The researchers collected eggs of the Port Jackson shark, a bottom-dwelling shark, and raised the eggs under different pH and temperature conditions. Sharks were raised under 4 different types of conditions, at either pH 8.0 or 7.7, and temperatures of either 16°C or 19°C. pH 8.0 and 16°C represent current ocean conditions, while pH 7.7 and 19°C represent a warmer, more acidic ocean, similar to what may be experienced in the future. Once the eggs hatched juvenile sharks were transferred to larger tanks and raised for two months under the same treatment condition.
After the two months of exposure, sharks from each treatment were randomly selected and humanely euthanized.

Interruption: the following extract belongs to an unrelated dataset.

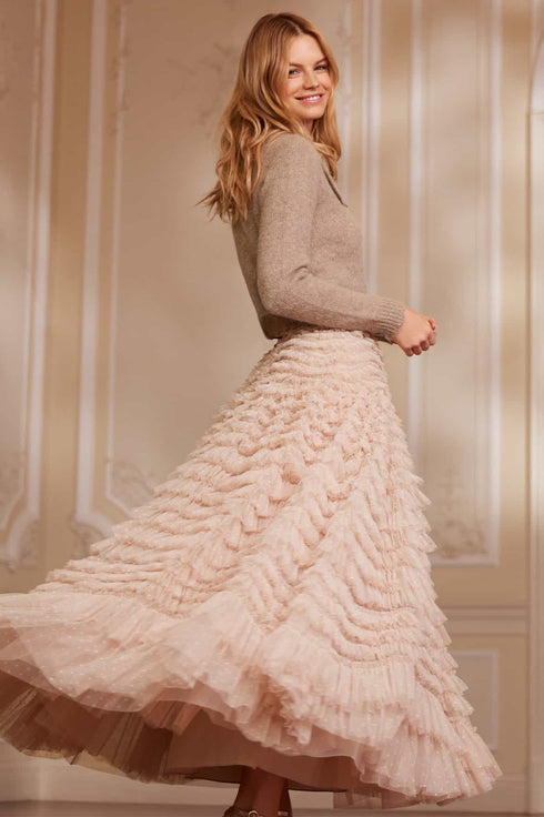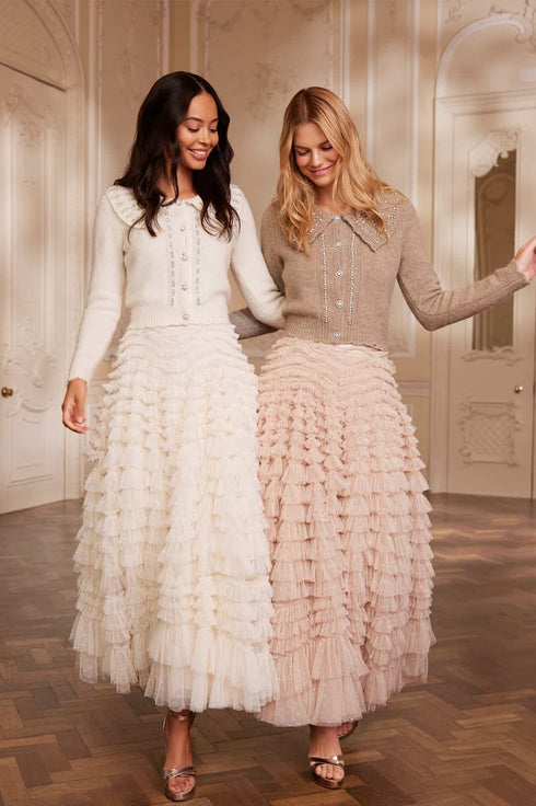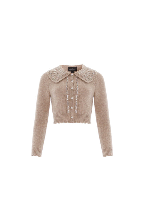 The Embellished Collar Short Cardigan in Pebble. This embellished cardigan is developed from alpaca yarn, creating a soft, fluffy texture. Designed with a short silhouette, slim fit sleeves and signature Needle & Thread scallop detailing on the cuff and hem. This pretty style is beautifully crafted with diamante jewel buttons, a bib-neck collar and framed with crystal gems for a feminine look. This elegant style is a new season favourite.

The scientists then dissected out the jaws to measure a number of tooth properties, including hardness (resistance), elasticity (stiffness), durability (number of teeth that were damaged), elemental composition, and crystallinity (the degree of structural order).
Sharks raised in acidic seawater for two months showed reduced hardness, increased elasticity, increased crystallinity, and more fluoride content in their teeth. The scientists hypothesized that these sharks were increasing the fluoride content in their teeth in response to the more acidic seawater, because fluoride is a more stable component and promotes more structured, crystalline teeth. Increased crystallinity makes teeth stronger and more durable, so increasing the fluoride content in teeth may make shark teeth more resistant to the “corrosive” effect of acidified seawater.
Even as the oceans continue to warm and become more acidic, these results seem to be good news for sharks. These researchers provide some evidence that sharks may be able to adjust the mineral properties of their teeth to maintain durability. If this is the case, sharks like the Port Jackson could adapt to a more acidic ocean in the future. This top predator would still have the same impact on the food web, maintaining ecosystem stability.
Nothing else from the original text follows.